You make no sense. This and Doom? Huh? Their art styles have nothing in common! It's about trying to be high fantasy as western high fantasy has always been drawn. And I see absolutely nothing wrong with that. It's a great art style.
Also, you need to grow up and realize, like many adults do, that their view of the world is not absolute... people who don't realize that don't act as grown up. The way you constantly insist that your way is the only way that could ever be right is not acting like an adult. This discussion is a case in point.
I don't understand why you hate D&D artwork so much... so it is influenced greatly by past fantasy. So? All fantasy is! It's not the most unique graphical style ever but very few games are truly unique... but what I really don't get is what you want from the graphics. I'd say that making them very well done fantasy artwork should be the goal and they succeed at that. And it's not like D&D has nothing unique... lots of the monsters are unique to D&D! Sure stuff like Orcs, Trolls, and Goblins are all over but D&D (and, to be specific, the Forgotten Realms) have all kinds of unique monsters... Illithids, Beholders, Gelatious Cubes, etc, etc... and anyway I think that basing your artwork on high fantasy as we know it is the right choice. D&D IS high fantasy, so any other choice would be kind of silly I think...

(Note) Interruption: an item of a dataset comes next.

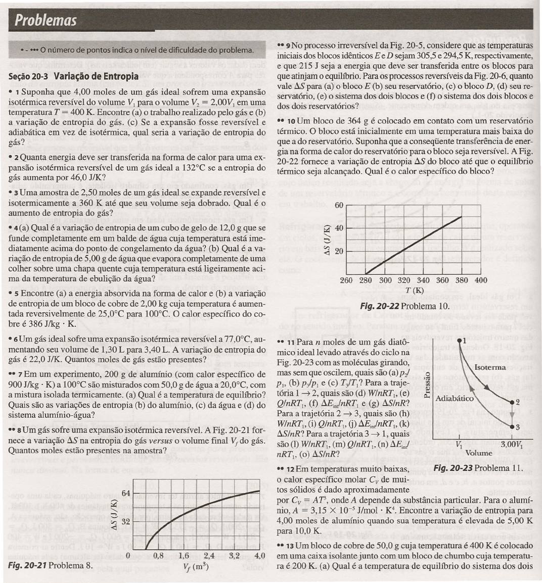 Problemas 0_ 000 o número de pontos indica o nível de dificuldade do problema. Seção20-3 Variação de Entropia o 1 Suponha que 4,00 moles de um gás ideal sofrem uma expansão isotérmica reversível do volume VI para o volume V2 = 2,00VI em uma temperatura T = 400 K. Encontre (a) o trabalho realizado pelo gás e (b) a variação de entropia do gás. (c) Se a expansão fosse reversível e adiabática em vez de isotérmica, qual seria a variação de entropia do gás? ·2 Quanta energia deve ser transferida na forma de calor para uma ex- pansão isotérrniea reversível de um gás ideal a 132°C se a entropia do gás aumenta por 46,0 J/K? • 3Uma amostra de 2,50 moles de um gás ideal se expande reversível e isotermicamente a 360 K até que seu volume seja dobrado. Qual é o aumento de entropia do gás? • 4 (a) Qual é a variação de entropia de um cubo de gelo de 12,0 g que se funde completamente em um balde de água cuja temperatura está ime- diatamente acima do ponto de congelamento da água? (b) Qual é a va- riação de entropia de 5,00 g de água que evapora completamente de uma colher sobre uma chapa quente cuja temperatura está ligeiramente aci- ma da temperatura de ebulição da água? • 5 Encontre (a) a energia absorvida na forma de calor e (b) a variação de entropia de um bloco de cobre de 2,00 kg cuja temperatura é aumen- tada reversivelmente de 25,0°C para 100°C. O calor específico do co- bre é 386 Jlkg . K. • 6Um gás ideal sofre uma expansão isotérmica reversível a 77,O°C, au- mentando seu volume de 1,30 L para 3,40 L. A variação de entropia do gás é 22,0 J/K. Quantos moles de gás estão presentes? •• 7 Em um experimento, 200 g de alumínio (com calor específico de 900 Jlkg . K) a 100°C são misturados com 50,0 g de água a 20,0°C, com a mistura isolada termicamente. (a) Qual é a temperatura de equilíbrio? Quais são as variações de entropia (b) do alumínio, (c) da água e (d) do sistema alumínio-água? ··8Um gás sofre uma expansão isotérmica reversível. A Fig. 20-21 for- nece a variação ó.S na entropia do gás versus o volume final VI do gás. Quantos moles estão presentes na amostra? ......•1-----./ ",. /' I 64 ~<,-, ;;; 32 <I o 0,8 Fig. 20-21 Problema 8. •• 9No processo irreversível da Fig. 20-5, considere que as temperaturas iniciais dos blocos idênticos E e D sejam 305,5 e 294,5 K, respectivamente, e que 215 J seja a energia que deve ser transferida entre os blocos para que atinjam o equilíbrio. Para os processos reversíveis da Fig. 20-6, quanto vale ó.S para (a) o bloco E (b) seu reservatório, (c) o bloco D, (d) seu re- servatório, (e) o sistema dos dois blocos e (f) o sistema dos dois blocos e dos dois reservatórios? •• 10 Um bloco de 364 g é colocado em contato com um reservatório térmico. O bloco está inicialmente em uma temperatura mais baixa do que a do reservatório. Suponha que a conseqüente transferência de ener- gia na forma de calor do reservatório para o bloco seja reversível. A Fig. 20-22 fornece a variação de entropia IlS do bloco até que o equilíbrio térmico seja alcançado. Qual é o calor específico do bloco? 60 g- 40 2 ~ 20 v V ./ ./ ./ 260 280 300 320 340 360 380 400 T(K) Fig. 20-22 Problema 10. •• 11 Para n moles de um gás diatô- rnico ideal levado através do ciclo na Fig. 20-23 com as moléculas girando, mas sem que oscilem, quais são (a) pJ PI, (b) P/PI e (c) TJTI? Para a traje- tória 1 -t 2, quais são (d) W/nRTI> (e) Q/nRTI> (f) M;./nRTI e (g) ó.S/nR? Para a trajetória 2 -t 3, quais são (h) W/nRTI, (i) Q/nRTt> U) M;n/nRTI, (k) ó.S/nR? Para a trajetória 3 -t 1, quais são (1)W/nRTI, (m) Q/nRTI, (n) M;n/ nRTI, (o) IlS/nR? 3 2 "í 3,00"í Volume •• 12 Em temperaturas muito baixas, Fig. 20-23 Problema 11. o calor específico molar Cy de mui- tos sólidos é dado aproximadamente por Cy = AP, onde A depende da substância particular. Para o alumí- nio, A = 3,15 X 10-5 J/mol . K4. Encontre a variação de entropia para 4,00 moles de alumínio quando sua temperatura é elevada de 5,00 K para 10,0 K. •• 13 Um bloco de cobre de 50,0 g cuja temperatura é 400 K é colocado 4,0 em uma caixa isolante junto com um bloco de chumbo cuja temperatu- ra é 200 K. (a) Qual é a temperatura de equilíbrio do sistema dos dois Ismael Oval Ismael Oval Ismael Oval blocos? (b) Qual é a variação na energia interna do sistema entre o es- tado inicial e o estado de equilíbrio? (c) Qual é a variação na entropia do sistema? (Veja a Tabela 18-3.) ··14Uma amostra de 2,0 moles de um gás monoatômico ideal sofre o pro- cesso reversível mostrado na Fig. 20- 24. (a) Quanta energia é absorvida na forma de calor pelo gás? (b) Qual é a variação na energia interna do gás ? (c) Qual o trabalho realizado pelo gás? •• lS Um cubo de gelo de 10 g a -10°C é colocado em um lago cuja temperatura é 15°C. Calcule a varia- ção na entropia do sistema cubo-lago quando o cubo de gelo atingir o equi- líbrio térmico com o lago. O calor específico do gelo é 2220 J!kg . K (Sugestão: O gelo afetará a temperatura do lago?) •• 16 Um cubo de gelo com 8,0 g a -10°C é colocado em uma garrafa térmica contendo 100 em' de água a 20°C. De quanto terá variado a entropia do sistema cubo-água quando o equilíbrio for alcançado? O ca- lor específico do gelo é 2220 J!kg . K. g ~ 400 'cij ~ 200 E ~ 51015 Entropia (J/K) Fig. 20-24 Problema 14. •• 17 Uma mistura de 1773 g de água e 227 g de gelo encontra-se em um estado inicial de equilíbrio a 0,000°c. A mistura é, então, através de um processo reversível, levada a um segundo estado de equilíbrio onde a razão água-gelo, em massa, é 1,00:1,00 a 0,000°c. (a) Calcule a variação de entropia do sistema durante este processo. (O calor de fu- são da água é 333 kJ!kg.) (b) O sistema retoma então ao estado de equi- líbrio inicial através de um processo irreversível (digamos, usando um bico de Bunsen)

It also depends on what you mean by 'art'. Do you mean character art or backgrounds? I think the monsters are fine and the backgrounds are fantastic for the most part, but I'd admit that the character (and NPC) art could be better in the BG engine... in that respect KotOR probably wins. But once I look beyond the characters and look at the world as a whole I cannot give it the victory. BG's backgrounds are just so much better looking than the mostly mediocre 3d environments in KotOR... as well as larger (or larger seeming at least) and more varied.
But as I said in the previous post the biggest problem here isn't that, it's how you ignore everything I say. I talked about so many issues and you pull out this one that has been beaten to death before... why? Don't want to bother to actually 'think' about what I was saying? And it doesn't really work in other ways too... after all, that segement was primarially about KotOR, not BG (yes I was comparing the two, but it was as much about KotOR as BG...), which you would have known had you actually read it.

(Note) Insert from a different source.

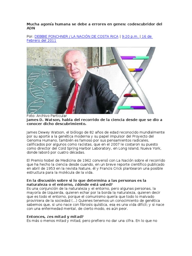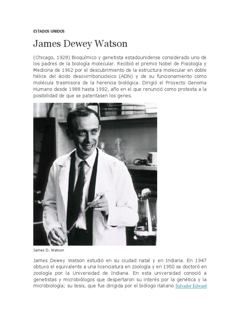 La vida y logros científicos del pionero de la biología molecular James Dewey Watson PDF

Quote:Like I said before, you don't know what good storytelling is.
I'd love to hear why you think you are oh so much more knowledgable than everyone else about this... but I understand storytelling just fine. And BG has a decently done story... but as I said, it has problems with slow pacing (that is, how the story is quite drawn out and you get it little bits at a time interspaced with lots of gameplay). I don't mind that much because there are all kinds of people to talk to and new places to go, but when I compare it to BGII I understand what Bioware meant when they said that BGI's story was a problem (and the result of a freshman effort)... BGII's is much deeper and more complex and keeps moving at a much better pace.
As for the optional reading books, I guess you are comparing that to Metroid Prime and your opinions on story there, but it doesn't work, I think. Prime's optional reading directly explained the game's backstory. The vast majority of the BG optional reading (books and scrolls) does not do that. They tell self-contained tales that have no bearing on the game and are just there to read for fun if you wish. That isn't bad storytelling because it doesn't really have an effect on the overall game's story!